▸ **About this exercise**: Restate the records below word for word, and omit the images they hold.

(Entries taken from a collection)
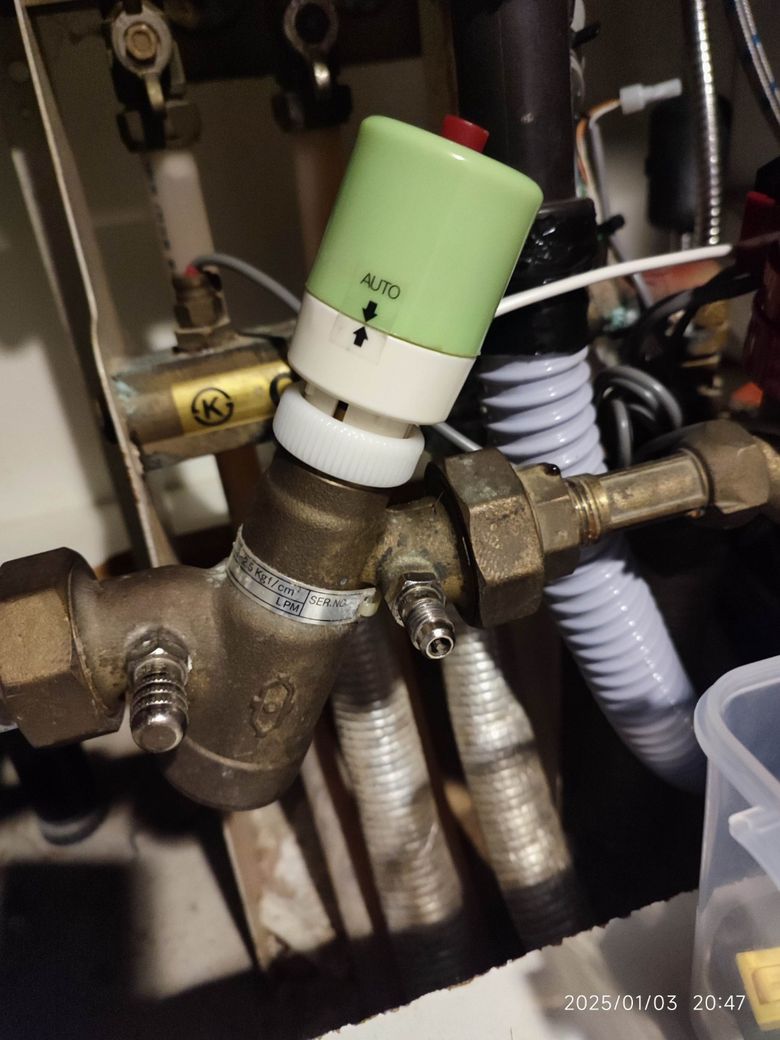 왼쪽으로 돌리면 풀리고 우측으로 돌리면 잠기는 것은 모든 밸브의 고유한 특성입니다. 오른나사의 법칙이지요. 사진상으로 보았을 때 풀리고 잠기는 것은 유량을 조절하는 부분으로 판단됩니다. 복합밸프 특성상 정유량으로 온도조절을 하므로 유량을 설정하는 부분으로 보입니다.
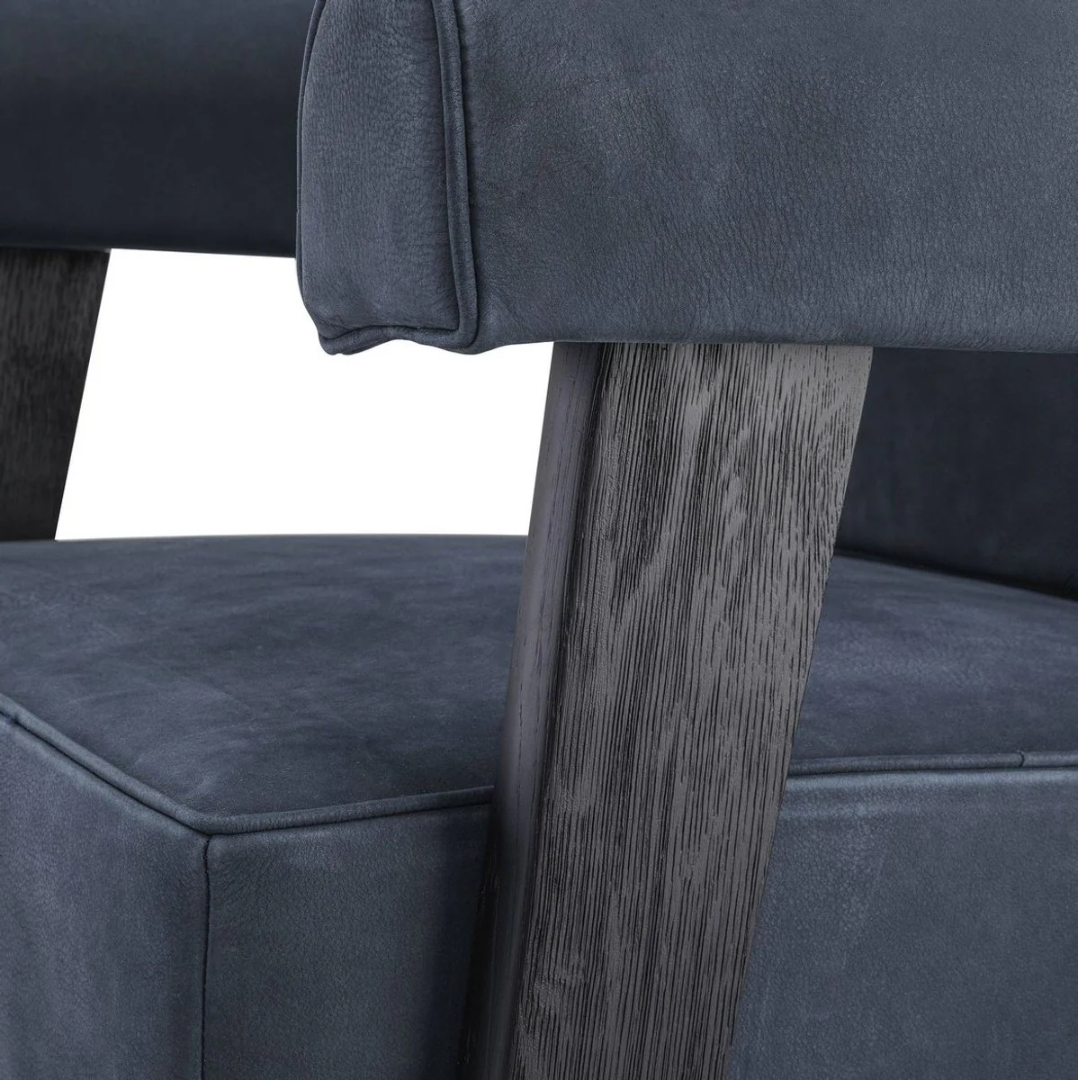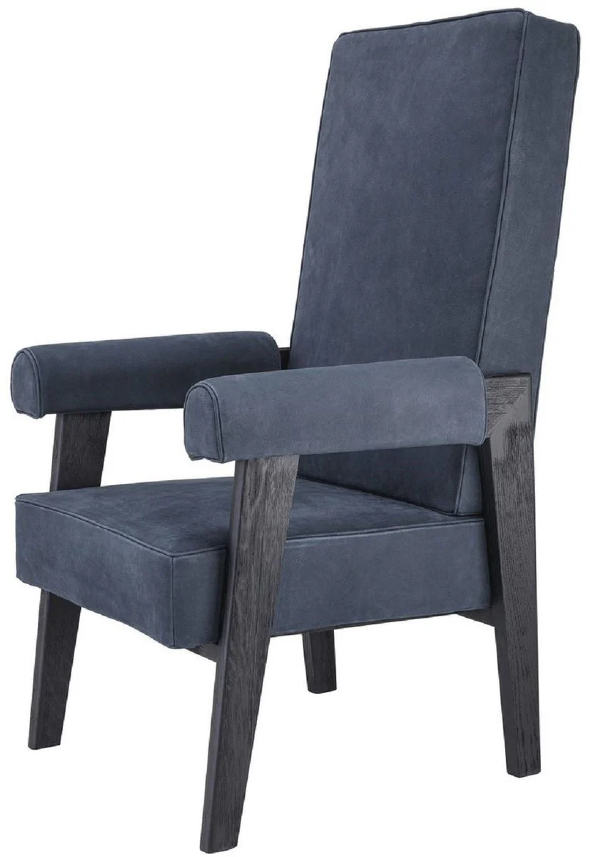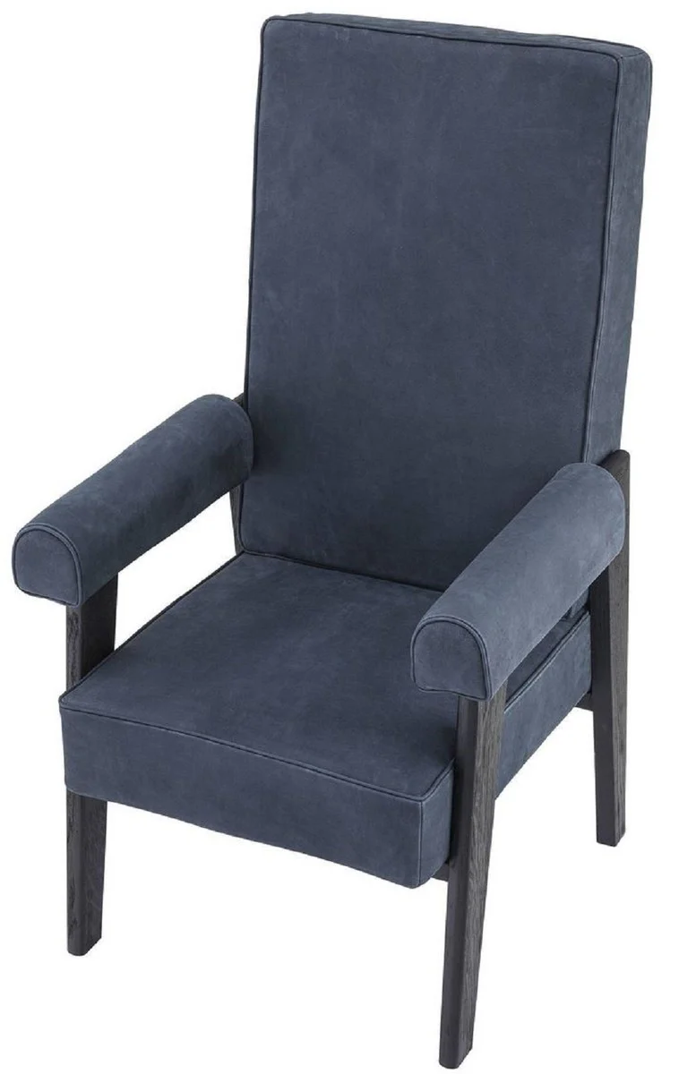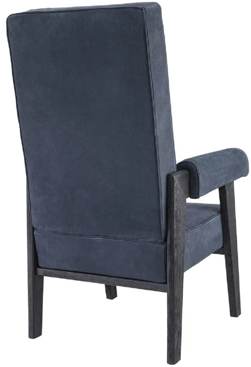 Casa Padrino sill¨®n de lujo de piel genuina con respaldo alto azul / negro 70 x 78 x A. 123 cm - Sill¨®n de sal¨®n con cuero fino de b¨²falo - Muebles de Lujo
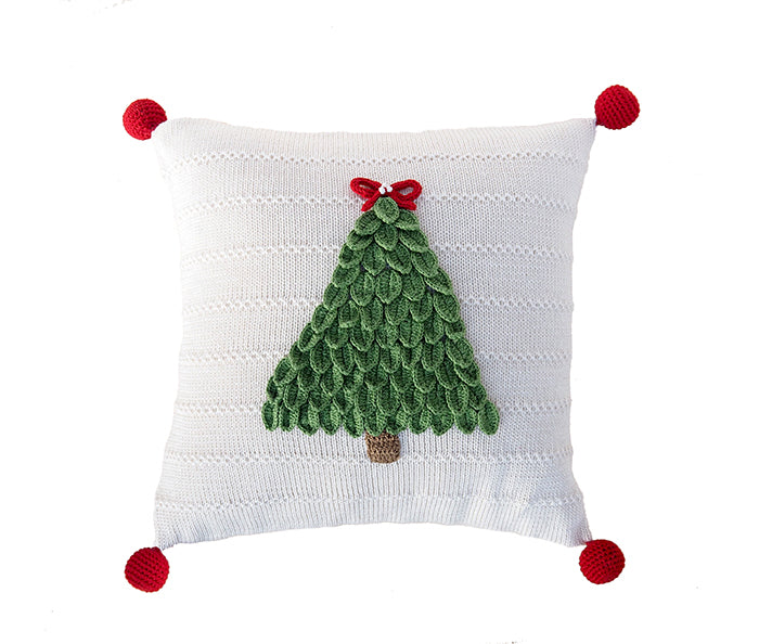 This knit holiday throw pillow brings a festive charm to your home decor. The pillow features beautifully detailed crochet Christmas tree boughs, complete with a red bow at the top, set against a soft ivory background. Red pom-poms on each corner add a playful touch, making this pillow a perfect accent for your living room or bedroom during the holiday season. Whether placed on a couch or a favorite chair, this pillow adds a cozy and joyful element to your holiday celebrations.
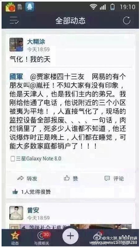 一网友评论:“你在网上发条敏感信息,一分钟以后他们就知道;然而,仓库里有些什么危险品、有多少、谁放的、啥时候放的,炸完了好几天还是不知道。用审查言论的力度审查危险品;用搞防火墙的热情防火灾,你国的所有问题都可以迎刃而解。”
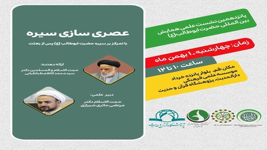 به گزارش روابط عمومی پژوهشگاه قرآن و حدیث، نشست علمی "عصری سازی سیره با تمرکز بر سیره حضرت ابوطالب علیه السلام پس از بعثت" پانزدهمین نشست از سلسله نشست های علمی همایش بین المللی حضرت ابوطالب علیه السلام؛ حامی پیامبر اعظم صلی الله علیه و آله و سلم  با مشارکت پژوهشگاه قرآن و حدیث و دبیرخانه همایش بین المللی حضرت ابوطالب علیه السلام و مجمع جهانی اهل بیت علیهم السلام با سخنرانی حجت الاسلام و المسلمین استاد سیدمحمدکاظم طباطبایی، رئیس پژوهشکده علوم و معارف حدیث  و با دبیری حجت الاسلام دکتر مرتضی حائری شیرازی در روز چهارشنبه ۱بهمن ماه از ساعت ۱۰  تا ۱۲به صورت وبیناری در سالن جلسات موسسه علمی فرهنگی دارالحدیث برگزار می شود.
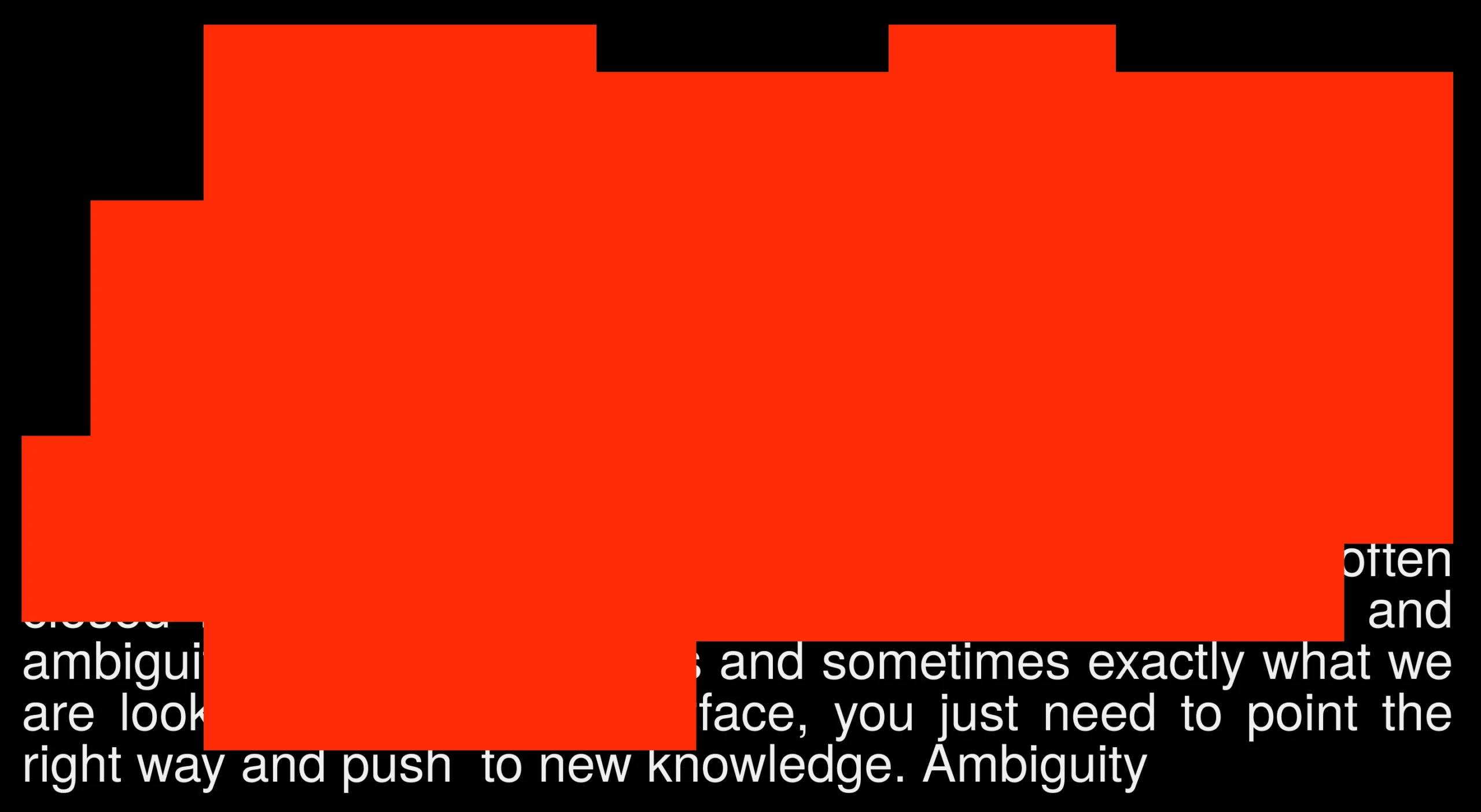 Ці складні фігури об’єднані зі швейцарською сіткою та гельветикою. У цій айдентиці втілені ходи які підкреслюють інформацію при чому приховуючи повну картину. Нам здалось що це вдала алегорія неоднозначності — абстракція, несказанність, але й натяк на те що є ідея яку варто осягнути.

▸ **Answer section**:
 왼쪽으로 돌리면 풀리고 우측으로 돌리면 잠기는 것은 모든 밸브의 고유한 특성입니다. 오른나사의 법칙이지요. 사진상으로 보았을 때 풀리고 잠기는 것은 유량을 조절하는 부분으로 판단됩니다. 복합밸프 특성상 정유량으로 온도조절을 하므로 유량을 설정하는 부분으로 보입니다.
 Casa Padrino sill¨®n de lujo de piel genuina con respaldo alto azul / negro 70 x 78 x A. 123 cm - Sill¨®n de sal¨®n con cuero fino de b¨²falo - Muebles de Lujo
 This knit holiday throw pillow brings a festive charm to your home decor. The pillow features beautifully detailed crochet Christmas tree boughs, complete with a red bow at the top, set against a soft ivory background. Red pom-poms on each corner add a playful touch, making this pillow a perfect accent for your living room or bedroom during the holiday season. Whether placed on a couch or a favorite chair, this pillow adds a cozy and joyful element to your holiday celebrations.
 一网友评论:“你在网上发条敏感信息,一分钟以后他们就知道;然而,仓库里有些什么危险品、有多少、谁放的、啥时候放的,炸完了好几天还是不知道。用审查言论的力度审查危险品;用搞防火墙的热情防火灾,你国的所有问题都可以迎刃而解。”
 به گزارش روابط عمومی پژوهشگاه قرآن و حدیث، نشست علمی "عصری سازی سیره با تمرکز بر سیره حضرت ابوطالب علیه السلام پس از بعثت" پانزدهمین نشست از سلسله نشست های علمی همایش بین المللی حضرت ابوطالب علیه السلام؛ حامی پیامبر اعظم صلی الله علیه و آله و سلم  با مشارکت پژوهشگاه قرآن و حدیث و دبیرخانه همایش بین المللی حضرت ابوطالب علیه السلام و مجمع جهانی اهل بیت علیهم السلام با سخنرانی حجت الاسلام و المسلمین استاد سیدمحمدکاظم طباطبایی، رئیس پژوهشکده علوم و معارف حدیث  و با دبیری حجت الاسلام دکتر مرتضی حائری شیرازی در روز چهارشنبه ۱بهمن ماه از ساعت ۱۰  تا ۱۲به صورت وبیناری در سالن جلسات موسسه علمی فرهنگی دارالحدیث برگزار می شود.
 Ці складні фігури об’єднані зі швейцарською сіткою та гельветикою. У цій айдентиці втілені ходи які підкреслюють інформацію при чому приховуючи повну картину. Нам здалось що це вдала алегорія неоднозначності — абстракція, несказанність, але й натяк на те що є ідея яку варто осягнути.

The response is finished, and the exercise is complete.